Now I was certain I was insane.
Then, I was the only one left on stage. My turn had come. This was too much; how did I get caught up in this mess? In the seconds before I would perform, time slowed down, and insignificant details became as vivid and horrid as though I was trapped in a nightmare.
The many eyes stared at me, blank and piercing – neither dismissive nor expectant. Why couldn’t they all just look the other way for thirty seconds? My vision grew hazy, my environment transformed into an illusional world. The walls around me loomed up, great frightening towers of plaster and wood, ready to pounce on my trembling form. The ground no longer seemed stable, my legs were wobbling like two fish flopping on the deck of a ship after being caught unexpectedly. Even my body began to react violently to the situation. My bones turned brittle as a decaying skeleton, and my flesh melted into an ooze, about to slide away. My throat was drier than stale bread, my breath raspy, my chest heaving. My eyes darted around the room, hoping to find a way to escape. I heard my cue, but I wasn’t ready. I was far from ready, my mind whirling faster than a cyclone across a prairie . . .

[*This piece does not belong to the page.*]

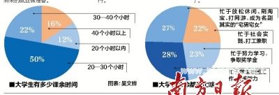 统计数据显示,约有23%的受访学生忙于努力学习,争取奖学金;有28%的受访大学生忙于学生社团工作,锻炼能力;还有27%的受访学生忙于放松休闲、刷淘宝、打网游,成为名副其实的“宅男宅女”;忙于社会实践、打工兼职的大学生则比例最少,占22%左右。

My mouth opened and a shaky voice emitted from me.
“Hello, my name is Elizabeth C. and I shall be singing the song ‘Shy.’” God, how did I manage to say anything? Despite the rules of beginning and ending an audition, I had seriously doubted that I could conjure any words from my mouth. The music started and before I could run away or hide or react in any way, my voice lifted into song.
Instantly the stage, the many faces, and my fear dissolved like salt in water. What was going on? The petrified girl, who spent hours attempting to pull herself together in order to impress the director, was gone. Like a phoenix born from the ashes, in one incredible moment, I emerged as the lead character Winifred, alone on the stage, facing an awestruck audience, and singing my heart out as if I was born to do so. Exhilarated, I lifted my voice louder and higher, raising my spirits as well. I heard myself sing the very words I dreaded for the past hour, and I became one with the song, for at that moment, the stage was my realm.
I was the first one in my family to do this, the only one brave enough to perform in front of a group of people. I felt like I could do anything in that moment, that I could actually be the star of the play and make my family proud. I thought that this was what I wanted, to grow as an actress and perform in plays for many years to come, but there was so much more than that, so much that my heart couldn’t understand . . .
At last I finished. For another instant, I felt my shining moment hover above me, a shield of elation only to melt away when reality set back into me.
“Scene. Thank you,” I gasped, relieved I had enough sense to slate, or conclude, my performance properly. As I hurried down the steps to my sanctuary – my seat in the house – it dawned on me that my fear had returned. Although it was much easier to cope with it sitting down, the familiar enemy still dug and chewed into my stomach. Silence gripped the theater, even though I knew it was due to the rules, not my performance. The quiet was as ominous as an accused awaiting its jury to return to court and state the verdict.
I closed my eyes to savor my freedom as the auditions moved on past me. New songs sung by new actors flew by like leaves blowing in the wind. All were unimportant to me. I had finished the worst, and now there was tomorrow to look forward to. When we did see the results on the cast list, I remembering feeling relief when my name was next to an ensemble character, despite my fleeting confident attitude during my audition. I had done it. That’s all that mattered. Not my placement on the cast list, but the experience that forever left a mark on my soul.